Kabel Deutschland said on Monday that buying east German-focused Tele Columbus, which has been struggling under around 600 million euros of debt, would allow it to accelerate growth by tapping the region's relatively underserved markets for fast broadband and video on demand.
The deal will also keep a big player out of the hands of rivals, although it will have to pass competition regulators, which have thwarted big tie-ups in the past.
DZ Bank analyst Joeri Sels said the transaction was priced in line with recent deals in the sector. However, he added that broadband penetration rates had risen, reducing the additional revenues that could be gleaned.
"It's a 'nice to have' rather than a dinosaur-style event," he said, keeping his rating on Kabel Deutschland stock at 'sell'.
Kabel Deutschland shares were up 1.4 percent by 1025 GMT, in line with the German midcap index .MDAXI.
The German cable market was once one of Europe's most fragmented, with a proliferation of smaller regional players offering television and broadband services.
But private equity firms and companies like Unitymedia, owned by Liberty Global (LBTYA.O), and Kabel Deutschland have restructured the market by buying up smaller companies to create more efficient larger players.
Deutsche Telekom and Unitymedia were among the companies eyeing Tele Columbus as well, sources said last month.
Tele Columbus provides cable services to 1.7 million customers, mainly in Berlin, Dresden, Magdeburg and Potsdam.
Kabel Deutschland finance chief Andreas Siemen said meeting demand for services like fast broadband and voice on demand in east Germany could help to increase average revenue per user (ARPU) at Tele Columbus faster than Kabel Deutschland, which added about 1 euro annually.
"We can immediately start offering these kind of new services," he said.
The purchase price amounts to 603 million euros, plus accrued interest, bringing the total to 618 million euros as of December 31, 2011, the company said. The price includes full repayment of Tele Columbus's debt of around 600 million euros.

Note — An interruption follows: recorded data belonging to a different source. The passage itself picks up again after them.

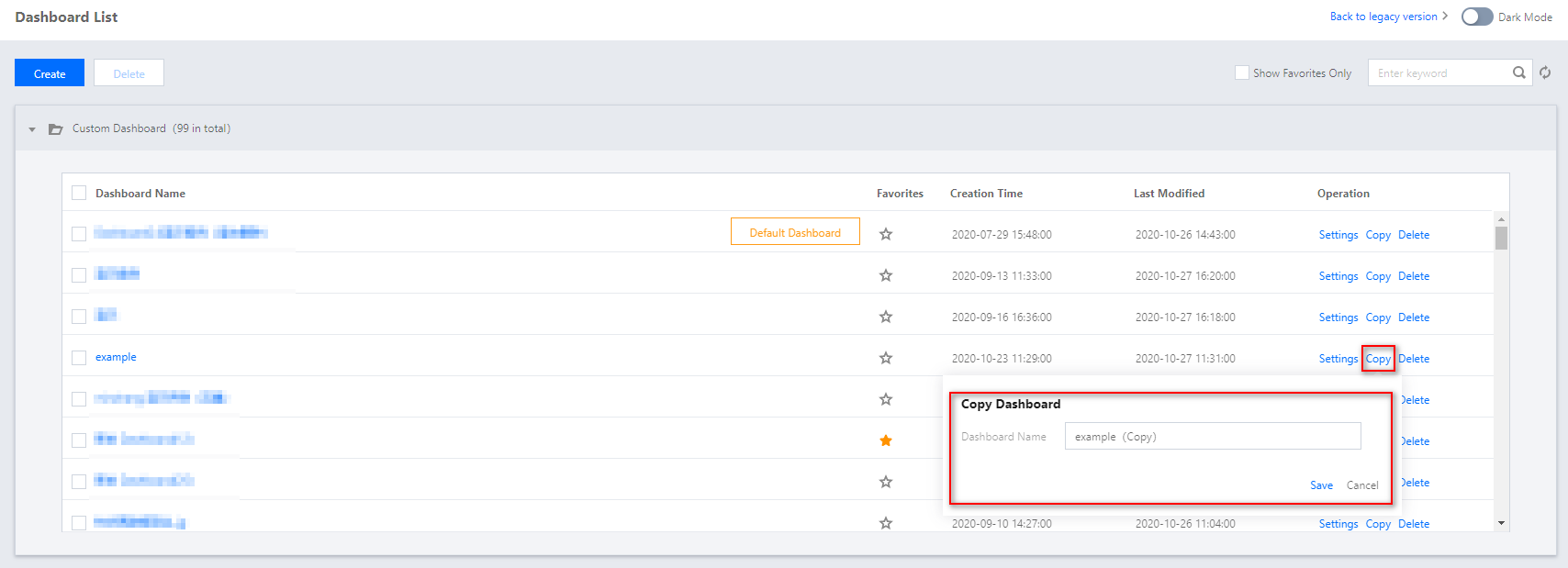 3. In the dashboard list, find the dashboard that you want to copy and click Copy under the “Operation” column.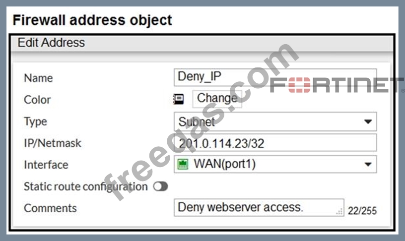 The exhibit contains a network diagram, firewall policies, and a firewall address object configuration.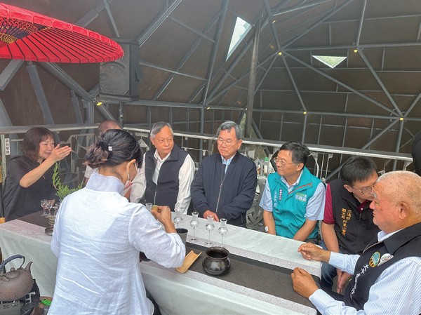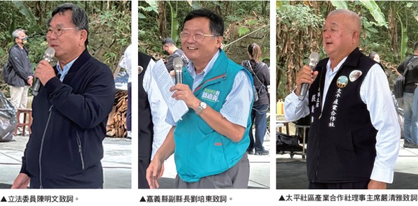 ▲(左起)太平社區產業合作社理事主席嚴清雅、無二窯藝術空間創作者王文志、嘉義縣副縣長劉培東、立法委員陳明文、水土保持局副局長林長立、阿里山國家風景區管理處副處長陳榮欽。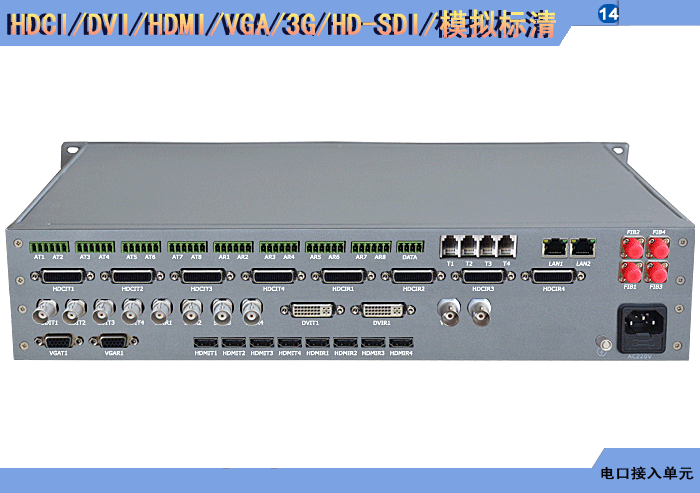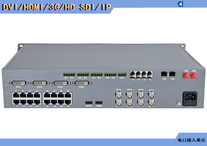 HDCI/DVI/HDMI/DP/VGA/YPbPr/3G/HD-SDI/模擬標清視頻攝像機+DVI/HDMI/DP/VGA/YPbPr/3G/HD-SDI//模擬標清視頻顯示屏系列電口接入單元 |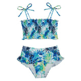Make a splash in the charming girl's high waist smocked bikini, adorned in the vibrant "Aquatic" print. A delightful burst of sea depths in vibrant blue and green hues creates a playful heaven that, all joyfully dancing to the rhythm of the season. This two-piece set combines style and functionality with smocking detail on the top, a flattering square neckline, and high-waisted bottoms. The playful "Aquatic" print, is inspired by the colorful allure of sea depth, adds a touch of tropical flair to every swim. Crafted from sustainable UPF 50+ fabric, ensuring your little one can enjoy endless hours of fun in the sun with peace of mind. Whether lounging by the pool or exploring sandy shores, this high waist smocked bikini is sure to become a summertime favorite.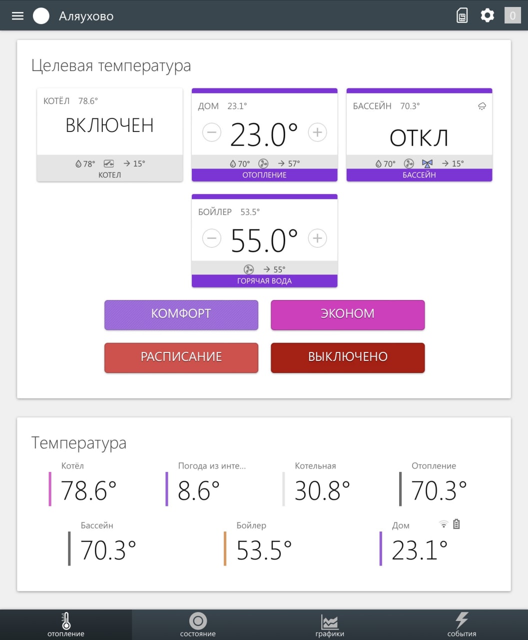 Контроллер может работать автоматически по запрограммированному алгоритму или вручную через личный кабинет веб-сервиса или мобильное приложение. Кроме того, он может учитывать температуру наружного воздуха и недельное расписание.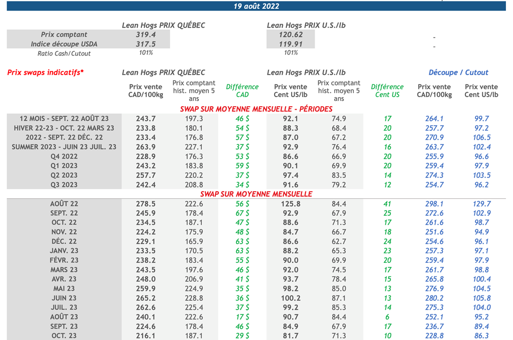 • 25 août : USDA - Ventes nettes d’exportations pour les grains et le porc

Kabel Deutschland paid about 7.6 times Tele Columbus's 2011 operating profit of 81 million euros. This compares to a factor of 10 paid by Unitymedia for its 3.16 billion euro acquisition last year of Kabel BW.
A big hurdle remains Germany's Federal Cartel Office, which has blocked deals among large players in the past.

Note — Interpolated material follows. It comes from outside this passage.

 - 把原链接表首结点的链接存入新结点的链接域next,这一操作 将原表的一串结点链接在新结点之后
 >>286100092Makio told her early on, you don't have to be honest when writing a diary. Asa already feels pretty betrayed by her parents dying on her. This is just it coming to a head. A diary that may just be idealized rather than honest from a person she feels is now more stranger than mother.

For example, Kabel Deutschland tried to merge with Kabel BW and Unitymedia in 2004 to take on Deutsche Telekom, but was thwarted by competition authorities.

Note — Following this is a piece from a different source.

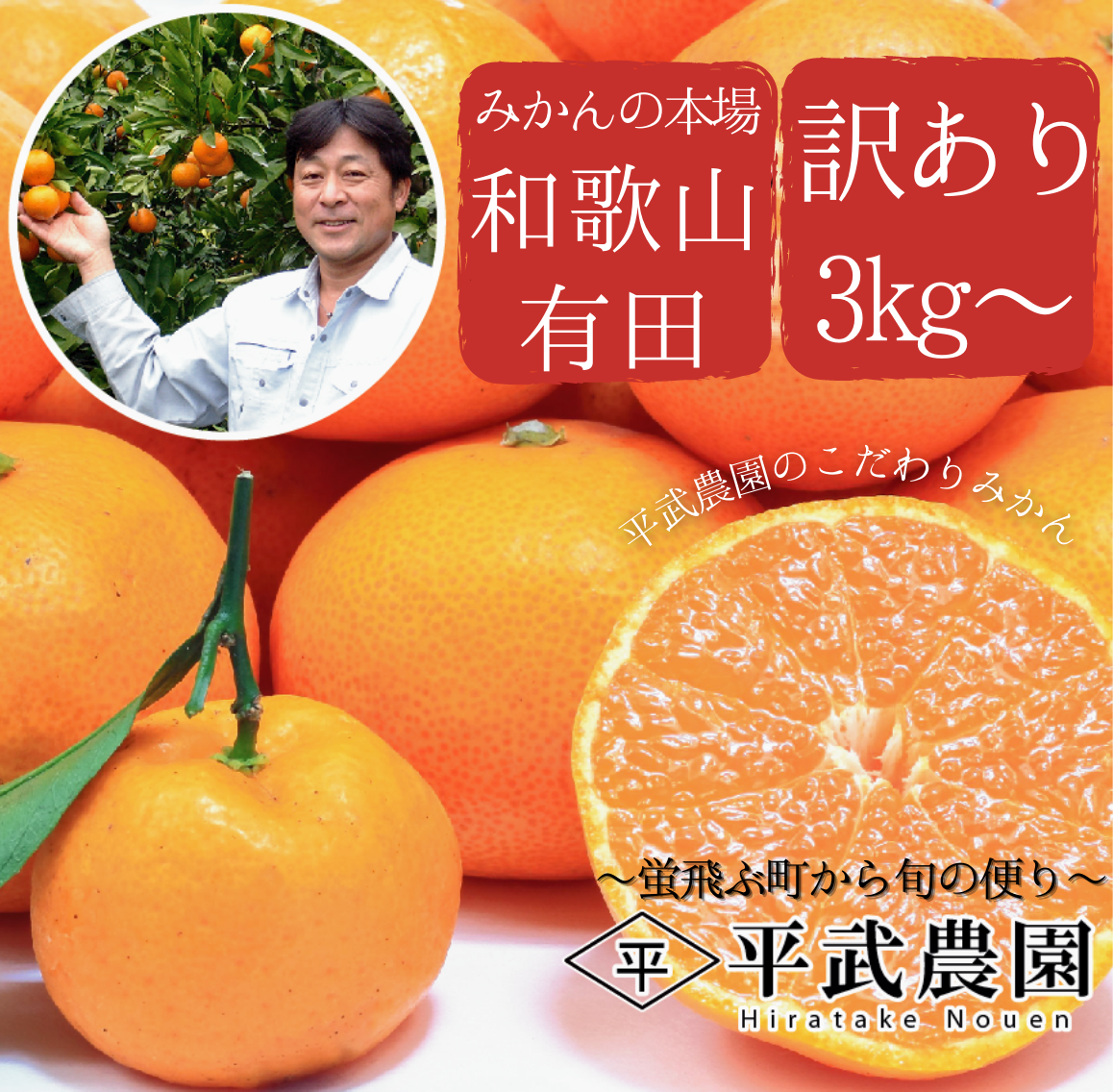 有田みかんのトップブランド産地の田口地区でこだわって栽培しています。ただ甘いだけのみかんではなく、うまみとコクがあり、”いつまでも甘みが舌に残る”平武農園のこだわりのみかんです。サイズはおまかせ、黒い斑点がある、模様があるなどの理由で訳あり商品としていますが、味には影響がないため、美味しく召し上がっていただけます。自宅用として人気の商品です。

Some analysts, however, believe antitrust regulators are becoming more open to consolidation among cable companies, and they point to Unitymedia's acquisition of Kabel BW as evidence.
Tele Columbus is currently owned by funds including York Capital, Golden Tree Asset Management and Avenue. They took it over after the company defaulted in 2010 under a roughly 1 billion euro debt load, which was dumped on it by investor Scott Lanphere's Escaline group.
In the restructuring, roughly 100 creditors agreed to swap part of the debt for equity, pushing out Lanphere.